Nothing but the lines below from the one containing "I’m not sure" through the one containing "الوقائع الإخباري - التقى" should appear in the answer, exact and without pictures.

:: SUPPLIED DATA

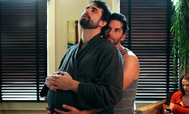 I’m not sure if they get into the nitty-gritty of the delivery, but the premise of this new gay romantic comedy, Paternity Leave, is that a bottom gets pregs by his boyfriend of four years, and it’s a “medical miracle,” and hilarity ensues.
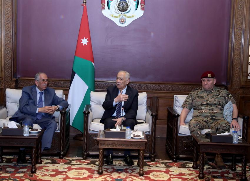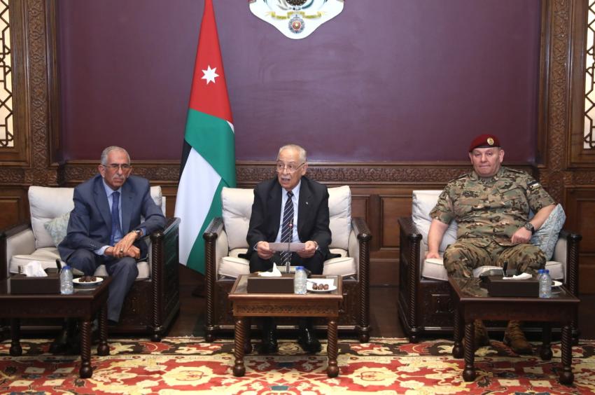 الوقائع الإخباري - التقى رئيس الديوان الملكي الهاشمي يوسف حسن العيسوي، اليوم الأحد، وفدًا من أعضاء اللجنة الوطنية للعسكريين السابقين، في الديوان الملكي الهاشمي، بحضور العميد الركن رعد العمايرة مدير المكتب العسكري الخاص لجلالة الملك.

::::
:: SUPPLIED DATA

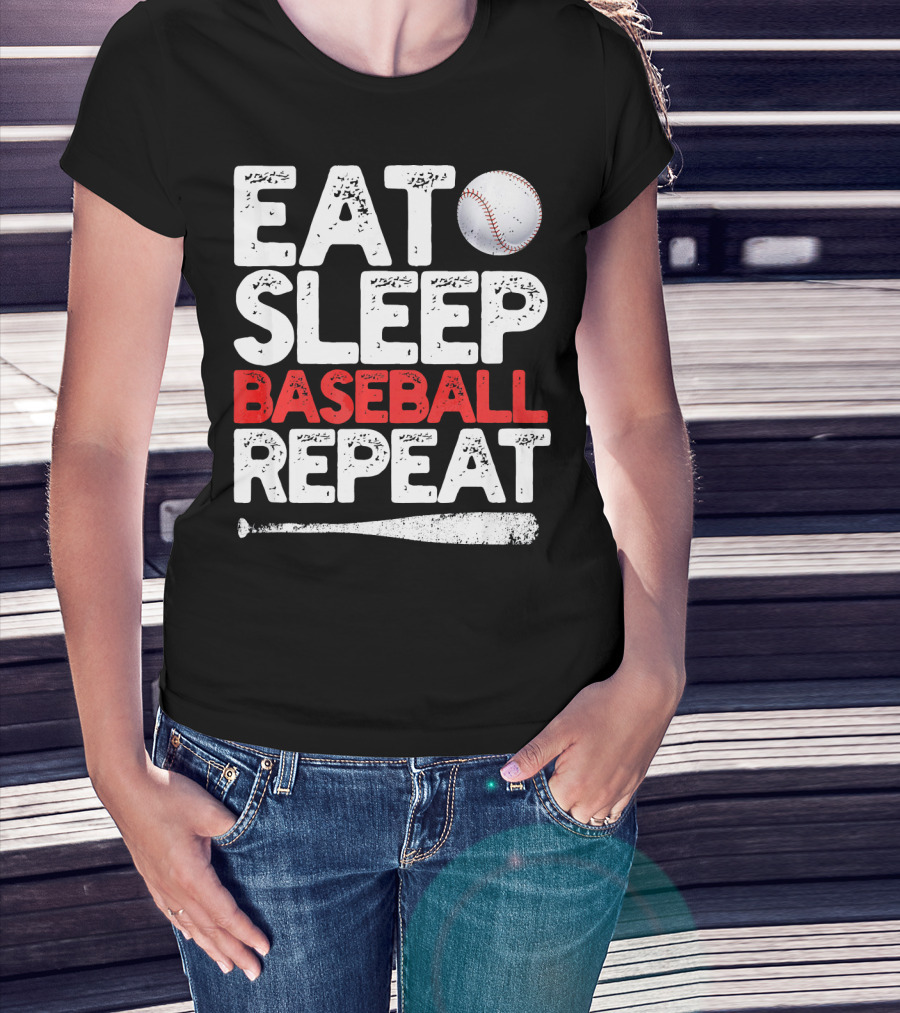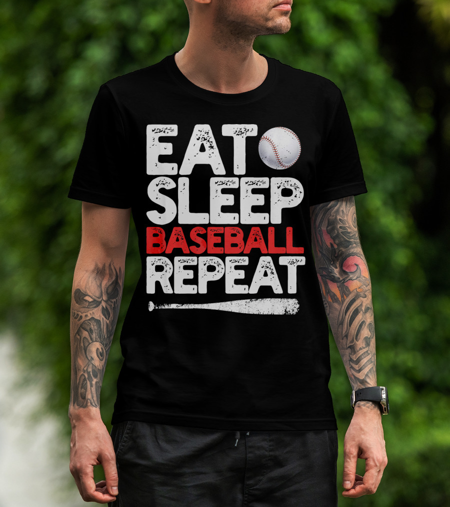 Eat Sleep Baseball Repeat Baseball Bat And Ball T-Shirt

::::

EXERCISE RESPONSE =>
 I’m not sure if they get into the nitty-gritty of the delivery, but the premise of this new gay romantic comedy, Paternity Leave, is that a bottom gets pregs by his boyfriend of four years, and it’s a “medical miracle,” and hilarity ensues.
 الوقائع الإخباري - التقى رئيس الديوان الملكي الهاشمي يوسف حسن العيسوي، اليوم الأحد، وفدًا من أعضاء اللجنة الوطنية للعسكريين السابقين، في الديوان الملكي الهاشمي، بحضور العميد الركن رعد العمايرة مدير المكتب العسكري الخاص لجلالة الملك.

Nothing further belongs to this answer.